Market Oracle FREE Newsletter

How to Protect your Wealth by Investing in AI Tech Stocks

Is there anything the US Federal Reserve WON'T do?

Interest-Rates / Credit Crisis 2008 Apr 11, 2008 - 09:38 AM GMT

By: Money_and_Markets


Best Financial Markets Analysis ArticleThat's the question I'm asking myself here as I watch it go further and further down the "extreme activism" road.

As I've pointed out, it's not just the Fed, either. Congress and the Bush administration are stepping up their plans to intervene and support the housing and mortgage markets, too.

I'm half-expecting to wake up one day and read that the government has decided to buy and then bulldoze every foreclosed house in the country to rid us of the inventory overhang.

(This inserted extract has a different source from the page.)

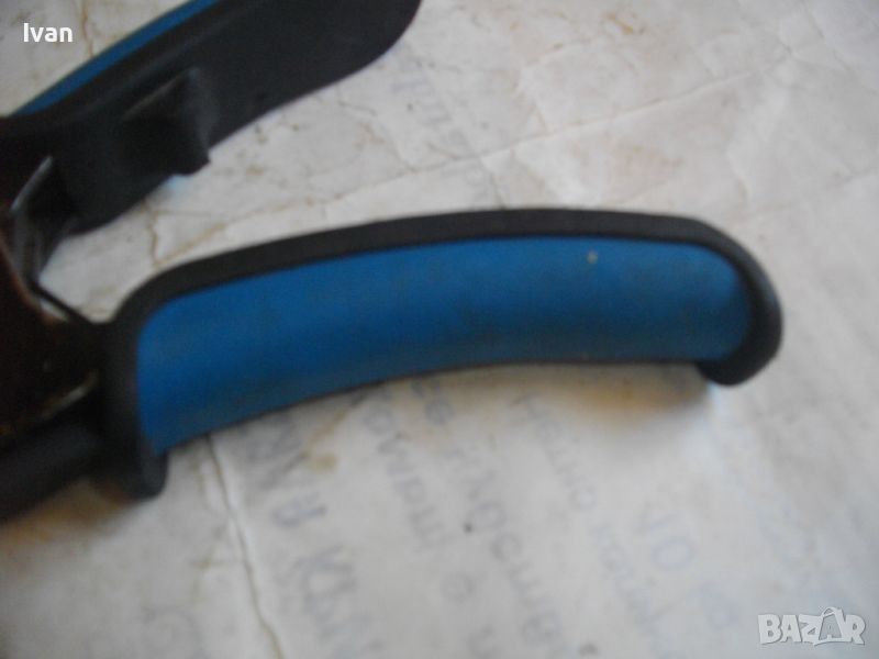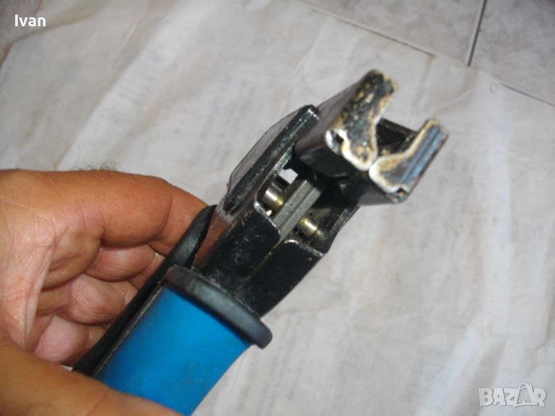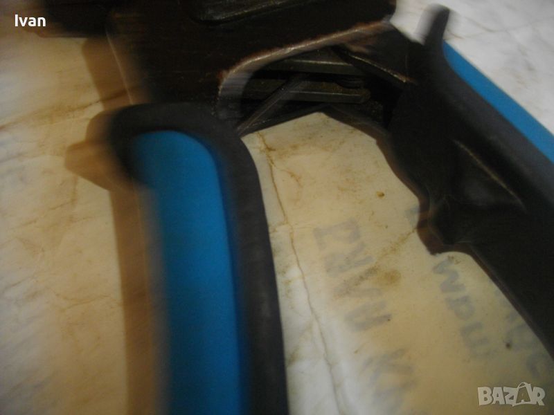 Малки френски монтажни ръчни профи клещи, със сини инпрегнирани гумирани покрития на дръжките за монтаж ва всякакви дюбели М3-М6 в гипсокартон.

Seriously, though, I'm fine with some of the things being done. They make sense.

But ...

Other measures are a clear violation of the free market principles this country was founded on. And some may not even be legal!

Not to keep flogging the Wall Street Journal or anything, but there was another great story this week called "Fed Weighs Its Options in Easing Crunch." It said the Treasury Department might sell excess debt — beyond what it needs to keep the government running — and deposit the money at the Fed. The Fed would take those funds and buy Treasuries in the open market.

The Fed's aim? To replenish its rapidly dwindling pile of top-quality debt securities. It's shrinking because the Fed has opened the door to just about any old crummy paper Wall Street and the nation's top banks can throw its way (More on this in a minute).

Federal Reserve Chairman Ben Bernanke is confident that government regulations and incentives will compel Wall Street participants to be more honest.
Federal Reserve Chairman Ben Bernanke is confident that government regulations and incentives will compel Wall Street participants to be more honest.

The Journal also said the Fed is considering selling its own debt securities, then using the money to buy assets or make loans.

Some on Wall Street want the Fed to go even further — actually buying mortgage-backed securities outright as opposed to temporarily taking them off the hands of primary dealers and banks.

But if you can believe it, the Fed might not even stop there. There's the possibility the Fed could go the route of the Bank of Japan in a real emergency. Specifically, it could print vast amounts of money, drive the federal funds rate to near-zero percent, and go hog-wild buying securities or making loans — a process called "quantitative easing" in econo-speak.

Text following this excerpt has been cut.